To keep weight loss steady, it helps to ease away from daily meals, build a simple plan, and skip extreme all-or-nothing bets. This approach comes from Anastasia Nemtsan, co-founder of BeFit and a specialist in nutrition and healthy living, in an interview with socialbites.ca.
The core idea is simple: you cannot abruptly ditch your familiar diet. The brain reads harsh restrictions as punishment, which often leads to burnout and impatience for the change to end.
Nemtsan warns that dramatic, sudden shifts almost always backfire. Start by gently increasing vegetables and fruits while cutting back on sugar. A softer path also means making small substitutions. If cake is a daily habit and Monday plans to quit, frustration follows. Try swapping pastries for fruit or cottage cheese with a sugar-free syrup, little by little.
A second rule emphasizes proactive planning, but in small, manageable steps. Begin with a daily menu, then outline the week, and finally map out a month. It isn’t about giving the brain endless choices for every meal. A predictable plan supports discipline and reduces cravings for desserts or fast food, according to Nemtsan.
The third rule focuses on variety to sustain motivation. The brain responds well to new flavors and experiences when paired with nourishing options. It’s essential to include a proper balance of proteins, carbohydrates, and fats in each day.
With fast food and casual cooking, she advises examining labels. Look at ingredients, note added sugars, preservatives, flavor enhancers, and gluten. These can trigger insulin spikes, increase appetite, and add empty calories that don’t benefit the body and may harm health.

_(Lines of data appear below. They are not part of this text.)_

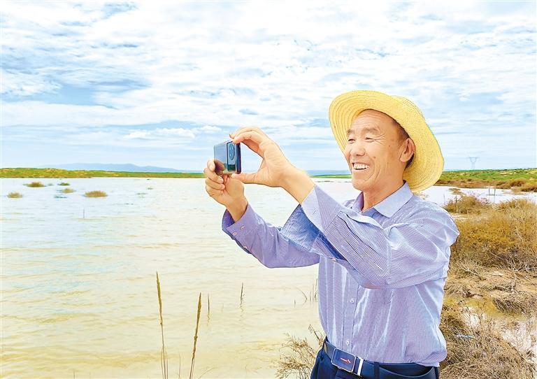 郭萬(wàn)剛格外珍惜這一灘湖水,他沿著水岸走了很久,還不時(shí)地用手機(jī)拍照,他認(rèn)為這是大自然對(duì)古浪持續(xù)開(kāi)展生態(tài)建設(shè)的回報(bào)。“我今年70歲了,這是我第一次在這片沙漠里見(jiàn)到湖泊,給它取名‘紅沙湖’,希望它像沙漠里的紅柳一樣永遠(yuǎn)充滿生機(jī),不要干涸。”郭萬(wàn)剛說(shuō)。
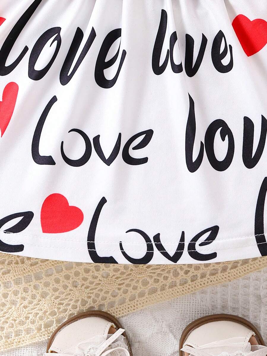 SHEIN Kids فستان بنات صيفي أنيق للفتيات الصغيرات بطبعة حرف وقلب وقوس كبير
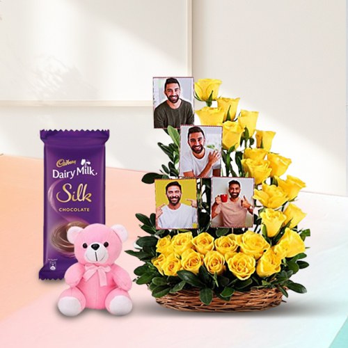 Send lovely wishes with this Beautiful Basket Arrangement of 25 Yellow Roses and Personalized Pictures (4 to 5 nos) which is amazingly paired with a Cute 6" Teddy and a Cadbury Dairy Milk Silk Chocolate Bar and spread love among the people you care for.
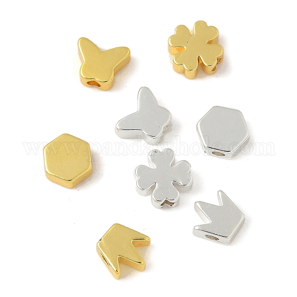• Шестиугольник Латунные бусины, стойки покрытие, долговечный, серебряные, шестиугольник, 5x5.5x2.3 мм, отверстие : 1.2 мм
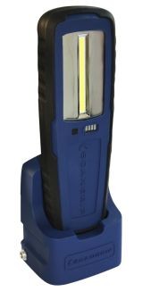 Nouveau : lumière LED portable et rechargeable COB. Design étudié pour l'usage professionnel. Cette nouvelle lumière LED fournit un éclairage unique pour le travail. Elle est protégée par une surface en caoutchouc très résistante et étanche (IP65) pour supporter des ambiances de travail humide et sale. Vous pouvez la positionner n'importe où avec son solide crochet ou bien avec son aimant sur la partie arrière. Elle peut aussi s'accrocher à votre ceinture de travail. L'indicateur de batterie sur la partie avant vous permettra de la recharger en cas de besoin. Le chargeur est équipé d'un aimant sur la face inférieur pour le maintenir sur votre plan de travail.
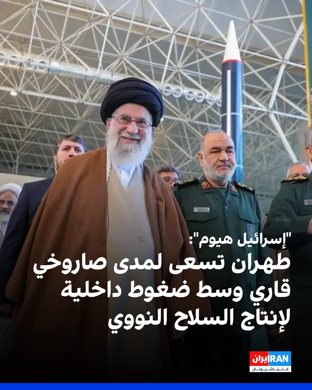 وأشارت "إسرائيل هیوم" إلى تصريحات حديثة لعلي شمخاني، الأمين السابق لمجلس الأمن القومي، قائلة إن "الحديث عن تطوير صواريخ عابرة للقارات ترافقه ضغوط متزايدة داخل النظام للموافقة على إنتاج السلاح النووي".
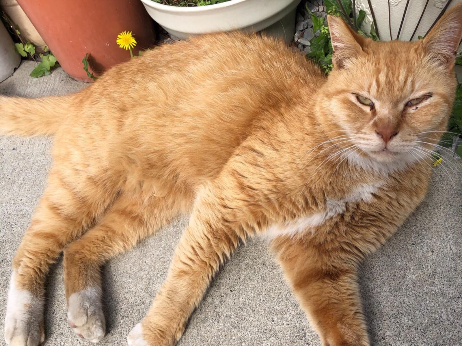茶トラのオス♂右耳にVカット、首元、胸元、足先は白く、尻尾は長くまっすぐです。

Another simple guideline is not to force eating or skipping meals. Rigid rules can create stress and backfire on the body.

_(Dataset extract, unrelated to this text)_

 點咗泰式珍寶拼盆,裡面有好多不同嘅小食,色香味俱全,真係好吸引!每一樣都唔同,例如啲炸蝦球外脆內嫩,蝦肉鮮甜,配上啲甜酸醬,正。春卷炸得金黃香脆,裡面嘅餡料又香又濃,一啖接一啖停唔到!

Through trial and adjustment, discover flavor pairings that bring genuine enjoyment and even mood-boosting endorphins. The aim is to savor food, not just to satisfy hunger. Slowing down while eating helps the body feel full sooner, making it easier to eat less overall, Nemtsan notes.
She stresses that most disruptions come from the mind. Shifting to healthier habits starts with changing thoughts and attitudes toward one’s body and eating habits.
The idea is to recognize that balance matters. It’s not about starving or overindulging; it’s about nourishing the body with a mindset of abundance and self-respect while avoiding the trap of using food merely to satisfy cravings. In the end, how people think about food shapes how they eat.
Former nutritionist Dekker also mentioned a few snacks that are relatively low risk, underscoring the value of mindful choices even when seeking quick bites (Nemtsan, interview).